LEXTREME consist of three classification task types:

Single Label Text Classification (SLTC)
Multi Label Text Classification (MLTC)
Named Entity Recognition (NER)

The dataset consists of 11 diverse multilingual legal NLU (natural language understanding) datasets. Six datasets have one single configuration and five datasets have two or three configurations. This leads to a total of 18 tasks (8 SLTC, 5 MLTC and 5 NER).

We use the existing train, validation, and test splits if present. In the other cases we split the data ourselves (80% train, 10% validation and test each).

Supported Tasks

For a detailed description of each task and dataset, see Niklaus et al. (2023). Datasets are abbreviated by three capital letters. Configurations of datasets, in case they exist, are indicated by an additional letter separated by a hyphen.

Task	Type	Train / Dev / Test Examples	Train / Dev / Test Labels
BCD-J (brazilian_court_decisions_judgment)	SLTC (Judgment Prediction)	3234 / 404 / 405	3 / 3 / 3
BCD-U (brazilian_court_decisions_unan)	SLTC (Judgment Prediction)	1715 / 211 / 204	2 / 2 / 2
GAM (german_argument_mining)	SLTC (Argument Mining)	19271 / 2726 / 3078	4 / 4 / 4
GLC-V (greek_legal_code_volume)	SLTC (Topic Classification)	28536 / 9511 / 9516	47 / 47 / 47
GLC-C (greek_legal_code_chapter)	SLTC (Topic Classification)	28536 / 9511 / 9516	386 / 377 / 374
GLC-S (greek_legal_code_subject)	SLTC (Topic Classification)	28536 / 9511 / 9516	2143 / 1679 / 1685
SJP (swiss_judgment_prediction)	SLTC (Judgment Prediction)	59709 / 8208 / 17357	2 / 2 / 2
OTS-UL (online_terms_of_service_unfairness_levels)	SLTC (Unfairness Classification)	2074 / 191 / 417	3 / 3 / 3
OTS-CT (online_terms_of_service_clause_topics)	MLTC (Unfairness Classification)	19942 / 1690 / 4297	9 / 8 / 9
C19 (covid19_emergency_event)	MLTC (Event Classification)	3312 / 418 / 418	8 / 8 / 8
MEU-1 (multi_eurlex_level_1)	MLTC (Topic Classification)	817239 / 112500 / 115000	21 / 21 / 21
MEU-2 (multi_eurlex_level_2)	MLTC (Topic Classification)	817239 / 112500 / 115000	127 / 126 / 127
MEU-3 (multi_eurlex_level_3)	MLTC (Topic Classification)	817239 / 112500 / 115000	500 / 454 / 465
GLN (greek_legal_ner)	NER	17699 / 4909 / 4017	17 / 17 / 17
LNR (legalnero)	NER	7552 / 966 / 907	11 / 9 / 11
LNB (lener_br)	NER	7828 / 1177 / 1390	13 / 13 / 13
MAP-C (mapa_coarse)	NER	27823 / 3354 / 10590	13 / 11 / 11
MAP-F (mapa_fine)	NER	27823 / 3354 / 10590	44 / 26 / 34

Setup

It works best with python 3.9 and torch==1.10.0+cu113. Otherwise, we experienced problems with fp16 training and evaluation.
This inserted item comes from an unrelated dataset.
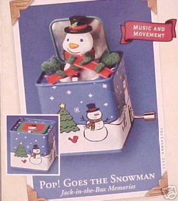 Hallmark Keepsake Ornament - Pop! Goes the Snowman - First in Jack-in-the-Box Memories Series 2003 (QX8457) - From back of ornament box: Victorian Era jack-in-the-boxes, which entertained children in the late 1800s, had faces that resembled puppets from popular Punch-and-Judy shows of the day. Earlier jack-in-the-boxes are also thought to have been similarly inspired -- in fact, some of the 16th-century playthings were called "Punch boxes". This series of Keepsake Ornaments will feature characters we know and love today. A different one will pop out of the box each year. This jolly snowman is delighted to be the first.

# install torch like this to avoid fp16 problems
pip install torch==1.11.0+cu113 -f https://download.pytorch.org/whl/torch_stable.html
pip install -r requirements.txt

In case you get the error AttributeError: module 'distutils' has no attribute 'version' (pytorch/pytorch#69894) Run

pip install setuptools==59.5.0

In order to log the training results, we used Weights & Biases. When running the script below, you will be asked if you want to use Weights & Biases or not. In case you want to use Weights & Biases too, you should log in to your Weights & Biases account beforehand, by typing the following command in the terminal:

wandb login {WANDB_API_KEY}

You can find WANDB_API_KEY in your profile setting on Weights & Biases after signing up or login.

Frequently Asked Questions (FAQ)

Where are the datasets?

We provide access to LEXTREME at https://huggingface.co/datasets/joelito/lextreme.

For example, to load the swiss_judgment_prediction (Niklaus et al. 2021) dataset, you first simply install the datasets' python library and then make the following call:

from datasets import load_dataset

dataset = load_dataset("joelito/lextreme", "swiss_judgment_prediction")

How to run experiments?

It is possible to reproduce the results of the paper by running the finetuning for each dataset separately. Alternatively, you can run main.py which, in a nutshell, will generate bash scripts for each dataset with the necessary hyperparameters and run them on every available GPU in your system (if available).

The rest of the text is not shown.